No, you’ll object. It’s different. Porn involves real people; video games don’t. You have a point there. But then again, the deep tragedy of pornography is that it objectifies and dehumanizes women (and men). It completely ignores all the things beneath the skin that makes a human a human—the spirit and personality and whatever else. It presents us with a facsimile of a person. A video game starts with the facsimile and then adds spirit and personality to make it more human so that we find more satisfaction in killing it.

<idle musing>
Yep. Face it, evangelicals are down on sexual sins, but let just about anything else slip by. I noticed it the other day at a Bible study; there were two parts to a verse. The first part dealt with loving the world, the second with adultery (which from the context seemed to be figurative—being unfaithful to God), but the only part that got mentioned was the second half.
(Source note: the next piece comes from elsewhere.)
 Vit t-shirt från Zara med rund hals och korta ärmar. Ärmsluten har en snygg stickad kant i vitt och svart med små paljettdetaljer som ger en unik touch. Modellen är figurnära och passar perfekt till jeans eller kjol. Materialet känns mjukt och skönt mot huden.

Loving the world was totally glossed over.

I have noticed it before. When there is a text that talks about death to self, it gets glossed over, or just plain ignored. But, turn a preacher loose on Romans 1, and watch out! Why is this? Maybe because death to self is addressed to christians, and is therefore too convicting? What do you think? Am I not seeing something, or seeing something that isn't there?
</idle musing>

2 comments:

Jonathan Erdman said...

Well, James, to be honest, there are many very concerned Christian Evangelical parents who don't let their kids play vid games and/or limit the violence they allow them to intake and/or only gudgingly allow their kids to play them. There is the idea that vid games "rot the mind" and provide a corrupting influence.

So, I think that the author of the article may not be painting an entirely accurate portrait of the situation.
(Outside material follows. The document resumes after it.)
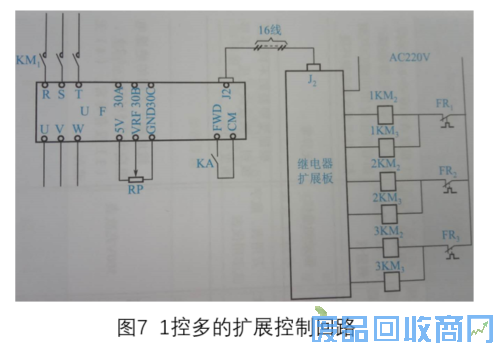 例如国产森兰B12S系列变频器在进行多台切换控制时,需要附加块继电器扩展板,以便控制线圈电压为交流220V的接触器。具体接线方法如图7所示。
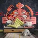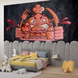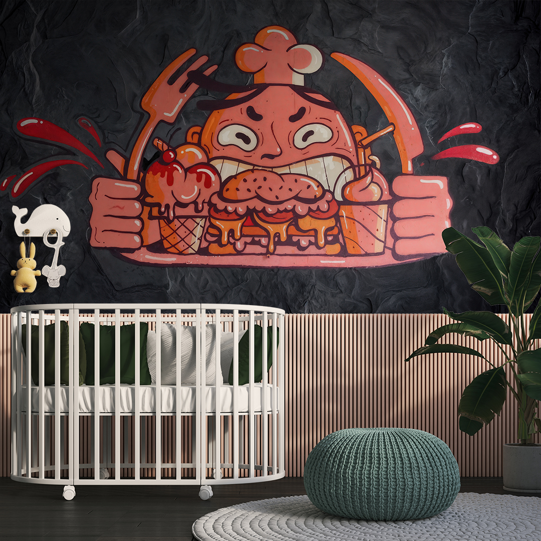 Bu tasarım, aşçının yemek yapma tutkusunu ve aynı zamanda duyduğu yoğun açlığı mizahi ve abartılı bir dille ifade ediyor. Büyük gözler, belirgin dişler ve etrafındaki yiyecekler, karakterin yemeğe olan düşkünlüğünü ve belki de yaratıcı açlığını simgeliyor. Fırça darbeleri ve canlı renkler, enerjik ve dikkat çekici bir atmosfer yaratır. Bu görsel, yemek kültürüne, aşçılığa veya sadece ilginç ve esprili tasarımlara ilgi duyanlar için idealdir. Odanıza astığınızda, sohbet başlatıcı olacak ve yüzlerde bir gülümseme oluşturacaktır.

That said, my problem is simply with the mindset/attitute that we have to determine at the outset what the so-called "moral law" is before we can determine whether or not playing a video game is "okay" or "taboo." We rely on the alleged existence of phantom "absolute" moral laws to dictate our actions. As such, the law serves as a means of pushing out the Spirit, and the life of the believer consists in endless debates about moral laws; in the meantime Paul's theology of living by the Spirit gets ignored.
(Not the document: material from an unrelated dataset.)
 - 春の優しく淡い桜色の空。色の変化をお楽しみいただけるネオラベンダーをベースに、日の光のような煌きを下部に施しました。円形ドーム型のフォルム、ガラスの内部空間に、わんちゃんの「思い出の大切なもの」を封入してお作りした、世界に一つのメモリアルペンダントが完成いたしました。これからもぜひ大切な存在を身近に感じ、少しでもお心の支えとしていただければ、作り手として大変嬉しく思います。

At my blog, we have discussed the intersection of "real" and "virtual" worlds and the related moral implications. With the virtual world becoming more and more "real" and the real world becoming more and more "virtual" the distinction is on the verge of disappearing, or becoming merely academic. I predict that the Evangelical Conservatives will just end up saying that anything that is "immoral" in the real world is also "immoral" in the virtual world. But, as I say, this conclusion misses the whole point.

Joel and Renée said...

Check out this sermon by Paul Washer at YouTube http://www.youtube.com/watch?v=uuablTel0418
Jake Patten gave us an audio copy and it is very convicting and encouraging, and we thought you'd appreciate it.
Josh Lindstrom shared it with his youth group but alot of them just got offended.